Open MPI logo

Open MPI User's Mailing List Archives

  |   Home   |   Support   |   FAQ   |   all Open MPI User's mailing list

From: Michael Kluskens (mklus_at_[hidden])
Date: 2006-10-03 10:53:58


Summary:

OpenMPI 1.1.1 and 1.3a1r11943 have different bugs with regards to
BLACS 1.1p3.

1.3 fails where 1.1.1 passes and vice-versus.

(1.1.1): Integer, real, double precision SDRV tests fail cases 1 &
51, then lots of errors until Integer SUM test then all tests pass.

(1.3): No errors until it crashes on the Complex AMX test (which is
after the Integer Sum test).

System configuration: Debian 3.1r3 on dual opteron, gcc 3.3.5, Intel
ifort 9.1.032.

On Oct 3, 2006, at 2:44 AM, Åke Sandgren wrote:

> On Mon, 2006-10-02 at 18:39 -0400, Michael Kluskens wrote:
>> OpenMPI, BLACS, and blacstester built just fine.
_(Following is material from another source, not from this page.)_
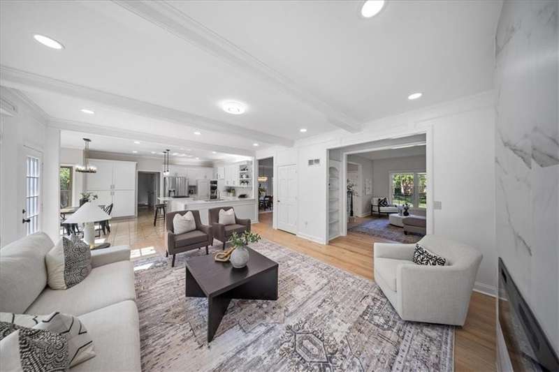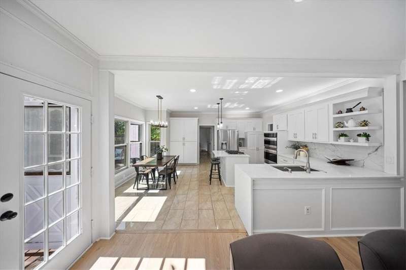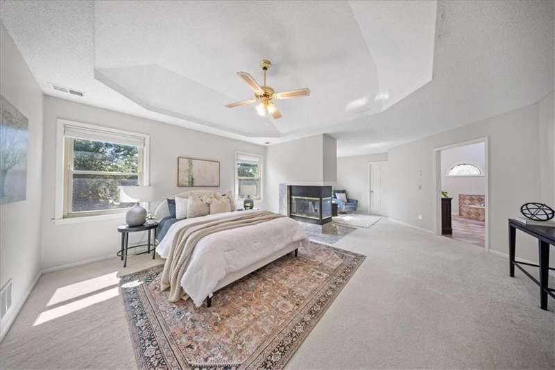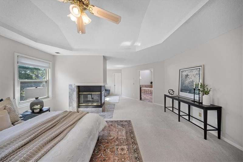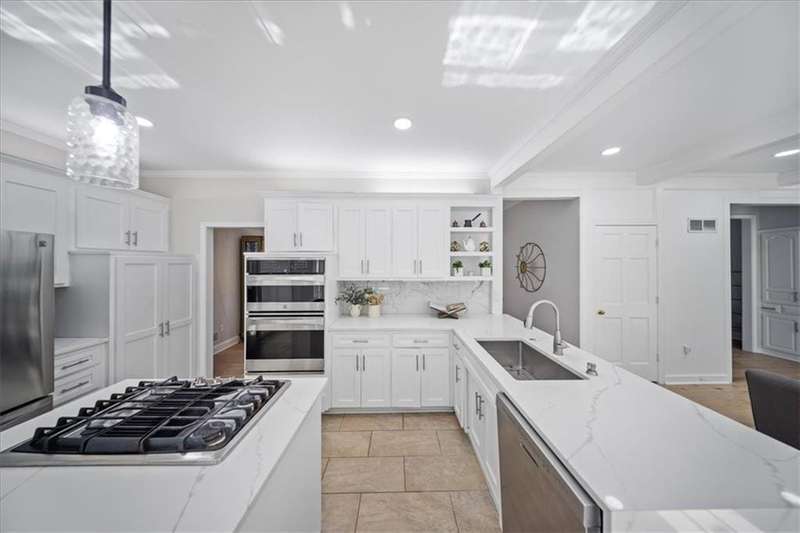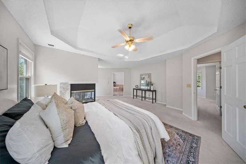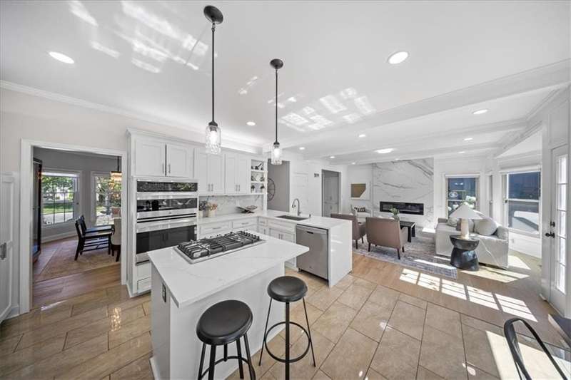 This meticulously maintained home reflects true pride of ownership!Enjoy new exterior and interior paint, the fully remodeled kitchen is a true showstopper, featuring quartz countertops, stainless steel appliances, a gas cooktop, and ample cabinetry. Off the kitchen you'll find an expanded patio and deck overlooking a gorgeous yard. The first floor features stunning hardwood floors just installed. Additional upgrades include triple pane Anderson windows, a newer roof, newer water heater, and stylish new light fixtures. Upstairs you'll find a spacious primary bedroom with a fireplace, sitting nook, an oversized bathroom and two generous closets. Two other bedrooms share a Jack and Jill bath, and the third has its own private ensuite. The daylight lower level is perfect for entertaining or everyday living, complete with brand-new carpet and a convenient half bath. Located in the award-winning Blue Valley School District and just minutes from Highway 69 and Bluhawk, Overland Parks groundbreaking retail and entertainment destination. Around the corner, you'll also find Kingston Lake Park, a 21.5-acre community park with a large lake and plenty of space to enjoy the outdoors.

Tester reports
>> errors for integer and real cases #1 and #51 and more for the other
>> types..
>>
>> <http://svn.open-mpi.org/trac/ompi/ticket/356> is an open ticket
>> related to this.
>
> Finally someone else with the same problem!!!
>
> I tried the suggested fix from ticket 356 but it didn't help.
> I still get lots of errors in the blacstest.
>
> I'm running on a dual-cpu opteron with Ubuntu dapper and gcc-4.0.
> The tests also failed on our i386 Ubuntu breezy system with gcc-3.4

More details of my two tests:
--------------------------------
OpenMPI 1.1.1
./configure --prefix=/opt/intel9.1/openmpi/1.1.1 F77=ifort FC=ifort --
with-mpi-f90-size=medium

BLACS 1.1 patch 3, Bmake.inc based on Bmake.MPI-LINUX with following
changes:

BTOPdir = /opt/intel9.1/openmpi/1.1.1/BLACS
BLACSDBGLVL = 1
MPIdir = /opt/intel9.1/openmpi/1.1.1
MPILIB =
INTFACE = -DAdd_
F77 = $(MPIdir)/bin/mpif77
CC = $(MPIdir)/bin/mpicc
CCFLAGS = -O3

--------------------------------
OpenMPI 1.3a1r11943
./configure --prefix=/opt/intel9.1/openmpi/1.3 F77=ifort FC=ifort --
with-mpi-f90-size=medium

similar changes for Bmake.inc in BLACS.

test launched in BLACS/TESTING/EXE using:

mpirun --prefix /opt/intel9.1/openmpi/1.3 -np 4 xCbtest_MPI-LINUX-1

No errors works much better but eventually failures with:

COMPLEX AMX TESTS: BEGIN.
Signal:11 info.si_errno:0(Success) si_code:128()
Failing at addr:(nil)
Signal:11 info.si_errno:0(Success) si_code:1(SEGV_MAPERR)
Failing at addr:0xb80000
[0] func:/opt/intel9.1/openmpi/1.3/lib/libopal.so.0
(opal_backtrace_print+0x1f) [0x2a95aa5c1f]
*** End of error message ***

Michael